Retype the material that follows exactly, limited to the lines from the one with "ASOS Floral Embroidered" through the one with "This beautifully captured", and keep out all pictures.

• SUPPLIED MATERIAL:
□ □ □ □ □

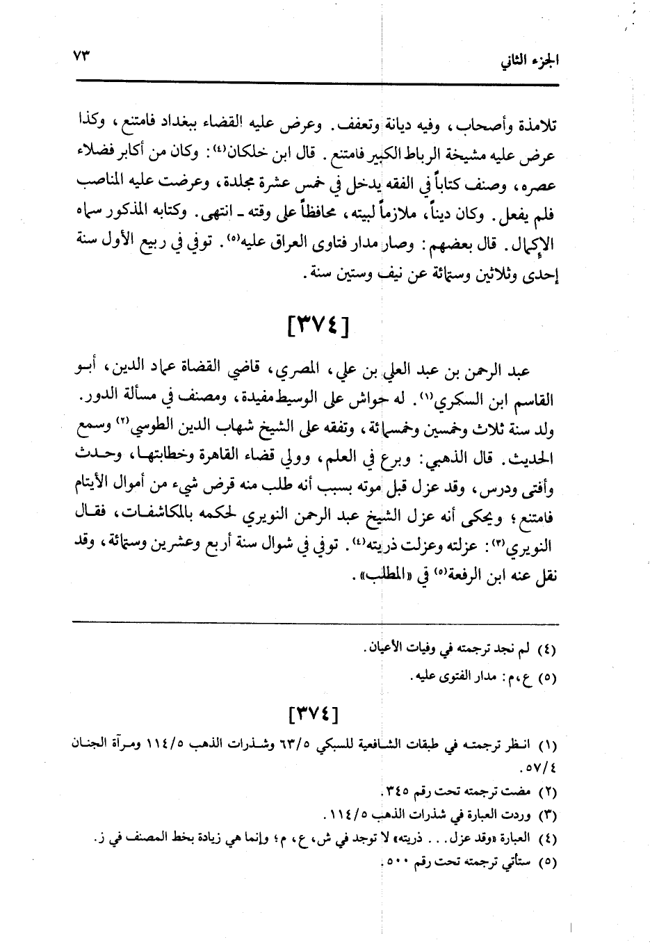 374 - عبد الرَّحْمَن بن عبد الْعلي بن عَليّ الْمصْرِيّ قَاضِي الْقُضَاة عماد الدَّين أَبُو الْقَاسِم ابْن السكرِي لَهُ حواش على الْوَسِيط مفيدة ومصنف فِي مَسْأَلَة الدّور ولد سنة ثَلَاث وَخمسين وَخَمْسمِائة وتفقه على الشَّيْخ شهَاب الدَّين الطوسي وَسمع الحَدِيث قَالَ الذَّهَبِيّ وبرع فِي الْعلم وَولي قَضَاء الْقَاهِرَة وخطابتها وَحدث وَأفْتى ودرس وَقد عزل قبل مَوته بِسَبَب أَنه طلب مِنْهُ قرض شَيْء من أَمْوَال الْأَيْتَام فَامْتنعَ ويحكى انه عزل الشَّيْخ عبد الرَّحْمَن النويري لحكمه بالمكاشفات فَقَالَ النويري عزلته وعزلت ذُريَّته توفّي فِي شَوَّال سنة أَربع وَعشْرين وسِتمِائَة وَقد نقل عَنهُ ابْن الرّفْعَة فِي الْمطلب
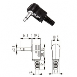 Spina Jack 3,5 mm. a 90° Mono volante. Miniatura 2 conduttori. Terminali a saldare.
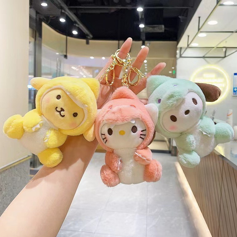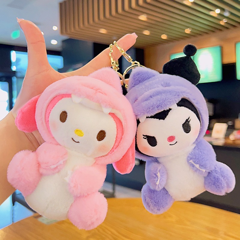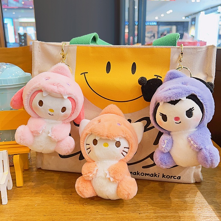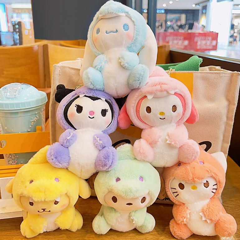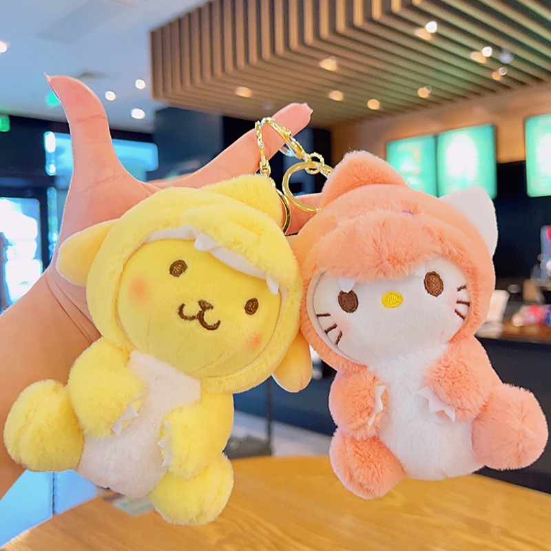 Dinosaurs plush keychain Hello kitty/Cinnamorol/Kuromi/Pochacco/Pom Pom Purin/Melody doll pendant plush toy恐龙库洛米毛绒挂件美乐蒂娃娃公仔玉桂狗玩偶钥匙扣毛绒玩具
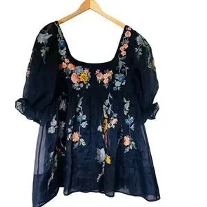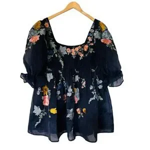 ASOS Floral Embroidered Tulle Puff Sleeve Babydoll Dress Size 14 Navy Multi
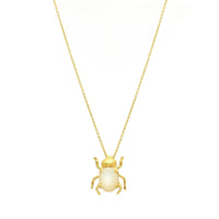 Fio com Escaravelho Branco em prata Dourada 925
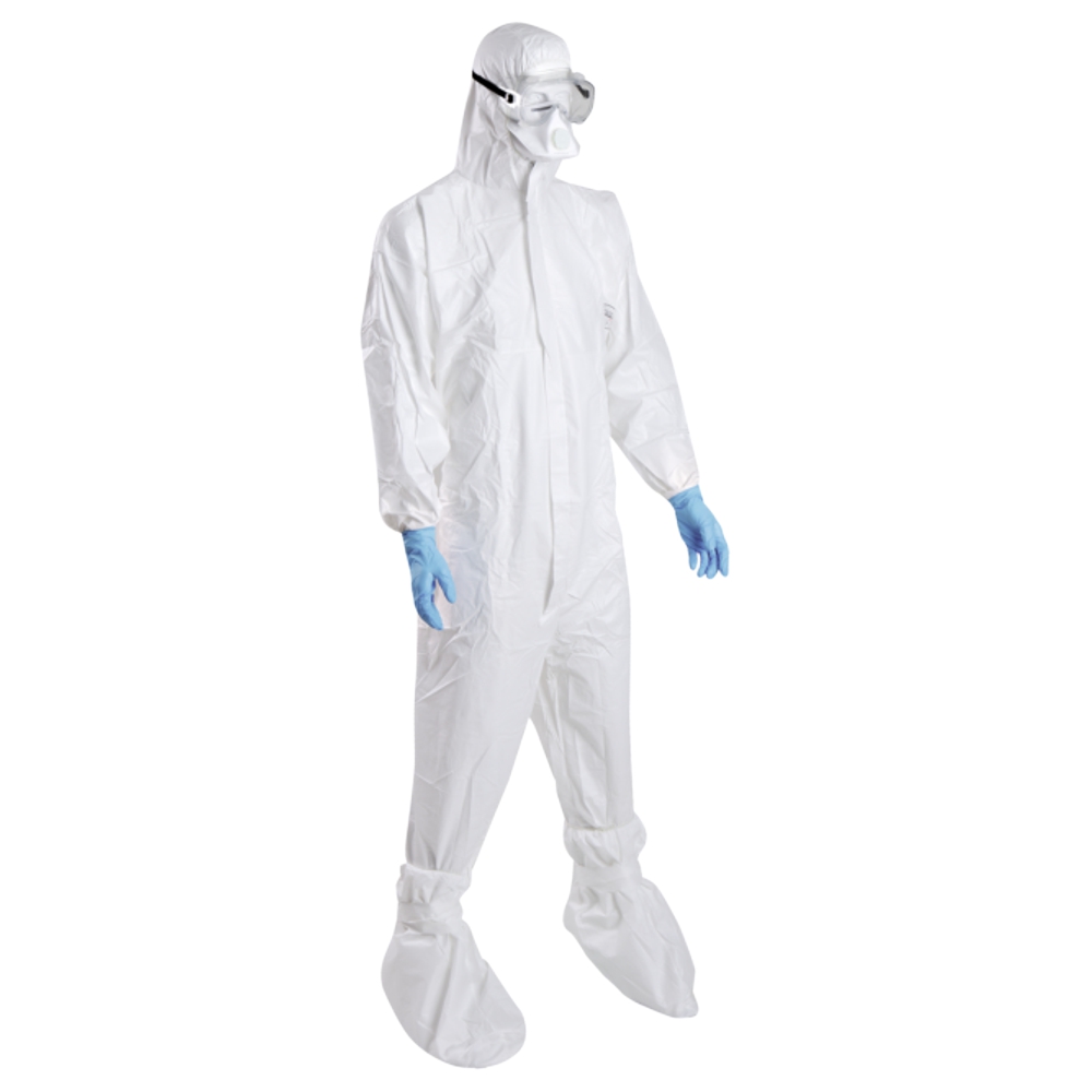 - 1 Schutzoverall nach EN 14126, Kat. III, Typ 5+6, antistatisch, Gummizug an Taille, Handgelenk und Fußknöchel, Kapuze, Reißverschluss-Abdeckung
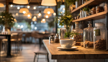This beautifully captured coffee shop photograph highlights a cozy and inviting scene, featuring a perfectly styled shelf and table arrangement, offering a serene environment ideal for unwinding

□ □ □ □ □

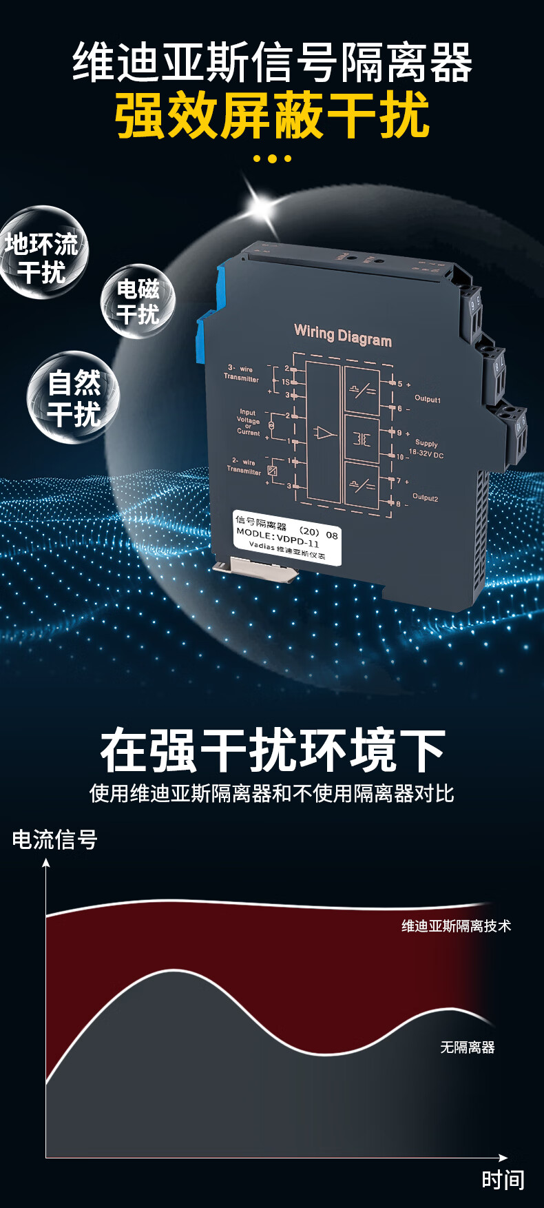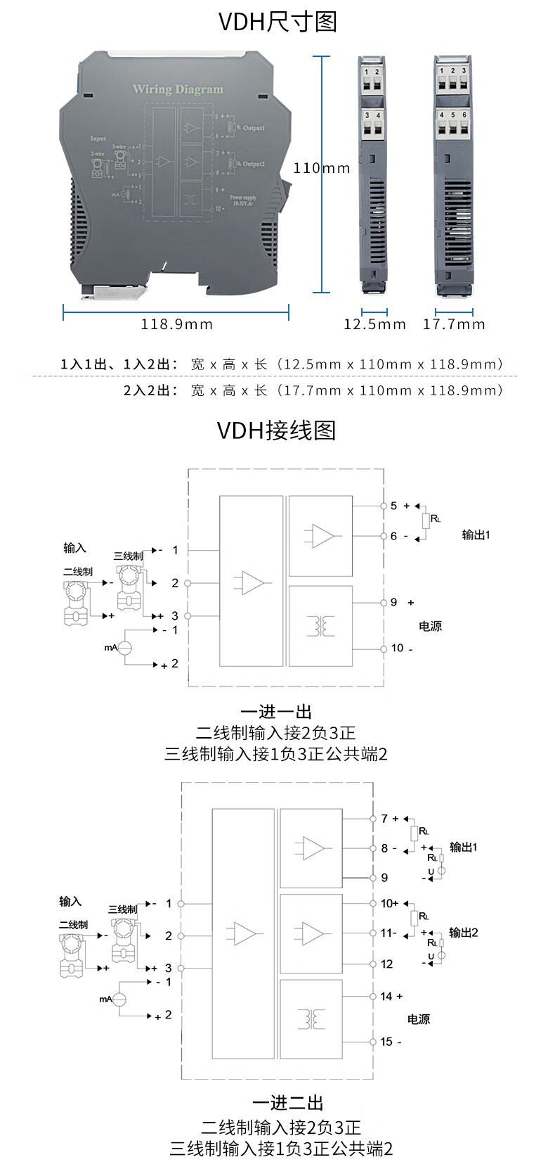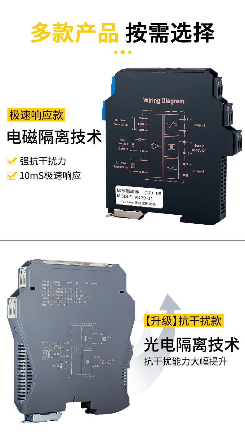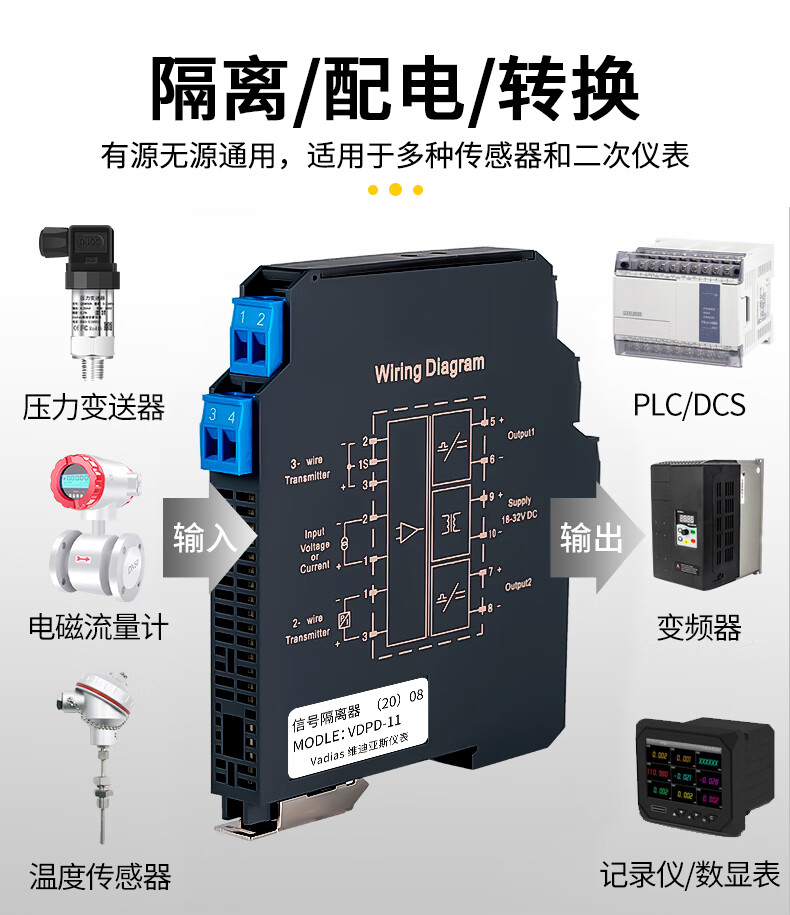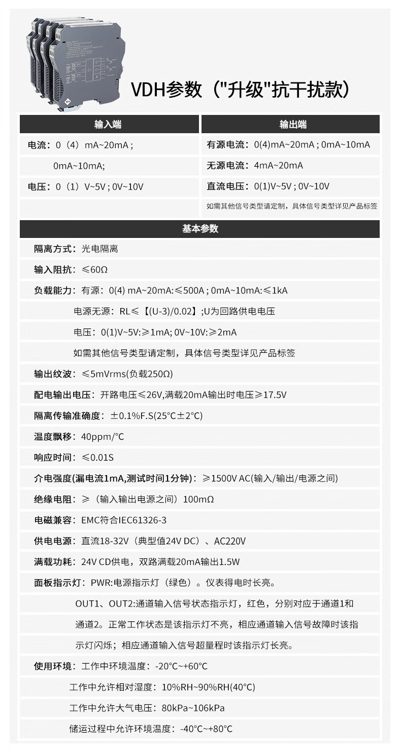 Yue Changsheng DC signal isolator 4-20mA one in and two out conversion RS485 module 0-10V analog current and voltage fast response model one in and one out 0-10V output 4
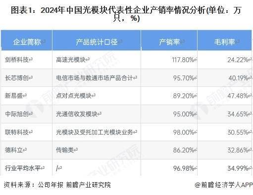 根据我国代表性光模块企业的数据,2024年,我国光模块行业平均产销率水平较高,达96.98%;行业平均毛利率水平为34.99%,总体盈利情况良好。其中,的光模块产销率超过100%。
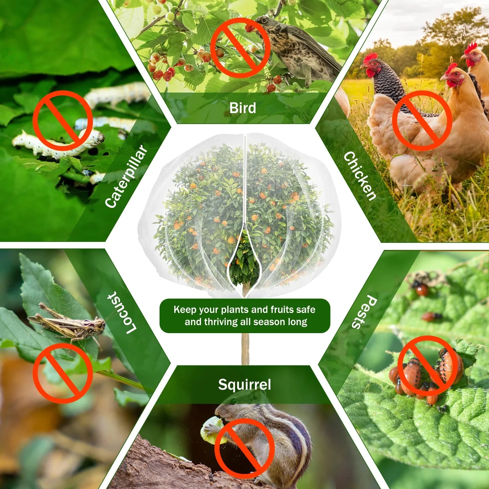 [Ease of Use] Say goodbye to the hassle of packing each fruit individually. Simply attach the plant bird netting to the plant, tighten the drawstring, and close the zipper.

□ □ □ □ □

• ANSWER FOR THIS EXERCISE:
 ASOS Floral Embroidered Tulle Puff Sleeve Babydoll Dress Size 14 Navy Multi
 Fio com Escaravelho Branco em prata Dourada 925
 - 1 Schutzoverall nach EN 14126, Kat. III, Typ 5+6, antistatisch, Gummizug an Taille, Handgelenk und Fußknöchel, Kapuze, Reißverschluss-Abdeckung
This beautifully captured coffee shop photograph highlights a cozy and inviting scene, featuring a perfectly styled shelf and table arrangement, offering a serene environment ideal for unwinding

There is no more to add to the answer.